After some trial and error, looking at the fact that not always you're gonna have enough elements to space out the min.dist I came up with a solution this code is the most explained from the ones above :

shuffle <- function(x, min.dist=2){
    stopifnot(min.dist < length(unique(x)))
    reduce(integer(length(x)-1), function(.x, ...){
        # whether the value is in the tail of the aggregated vector
        in.tail <- x %in% tail(.x, min.dist)
        # whether a value still hasn't reached the max frequency
        freq.got <- x %in% names(t<-table(x[x%in%.x]) > table(.x))[t]
        # whether a value isn't in the aggregated vector
        yet <- !x %in% .x
        # the if is there basically to account for the cases when we don't have enough vars to space out the vectors
         c(.x, if(any((!in.tail & freq.got) | yet )) sample(x[(!in.tail & freq.got) | yet ], 1) else  x[which(freq.got)[1]] )
    }, .init=sample(x,1))
}

now running the table(shuffle(rep(LETTERS[1:5], 3),2)) will always return 3 for all vars and we can say with some certainty that in the vector the variables are spaced with a minimum distance of 2. the only way to guarantee that no elements are duplicated is by using min.dist=length(unique(x))-1 otherwise there will be instances where at maximum r < min.dist elements are not min.dist distanced from their last occurrences, and if such elements exist they're going to be in the length(x) + 1 - 1:min.dist subset of the resulting vector.

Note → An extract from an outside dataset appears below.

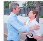
La lista liderada por el exdirector del Sence se impuso con el 57% de los votos, contra un 40% de la actual timonea, Gloria Hutt.

Intercambian 200 prisioneros por cuatro rehenes En un segundo intercambio desde que acordaron un alto el fuego, Israel liberó ayer a 200 prisioneros palestinos a cambio de cuatro mujeres militares que permanecían secuestradas por la milicia de Hamas en la Franja de Gaza desde octubre de 2023. Es un “momento muy feliz que hemos estado esperando durante mucho tiempo”, dijo el Primer Ministro de Israel, Benjamin Netanyahu, quien aseguró que trabajan para “liberar a todos los demás”. | A 5

Just to be completely certain using a loop to check whether tail of the output vector has unique values: (remove the print statement I used it just for demonstration purposes)

shuffler <- function(x, min.dist=2){
    while(!length(unique(print(tail(l<-shuffle(x, min.dist=min.dist), min.dist+1))))==min.dist+1){}
    l
}

table(print(shuffler(rep(LETTERS[1:5], 3),2)))
 [1] "A" "B" "C" "E" "B" "C" "D" "A" "C" "D" "A" "E" "B" "D" "E"

A B C D E 
3 3 3 3 3 

table(print(shuffler(rep(LETTERS[1:5], 3),2)))
[1] "D" "C" "C"
[1] "C" "C" "E"
[1] "C" "A" "C"
[1] "D" "B" "D"
[1] "B" "E" "D"
 [1] "C" "A" "E" "D" "A" "B" "C" "E" "A" "B" "D" "C" "B" "E" "D"

A B C D E 
3 3 3 3 3

Update:

shuffler <- function(x, min.dist=2){
    while(any(unlist(lapply(unique(tl<-tail(l<-shuffle(x, min.dist=min.dist), 2*min.dist)), function(x) diff(which(tl==x))<=min.dist)))){}
    l
}

this new version does a rigorous test on whether the elements in the tail of the vector are min.distanced, the previous version works for min.dist=2, however this new version does better testing.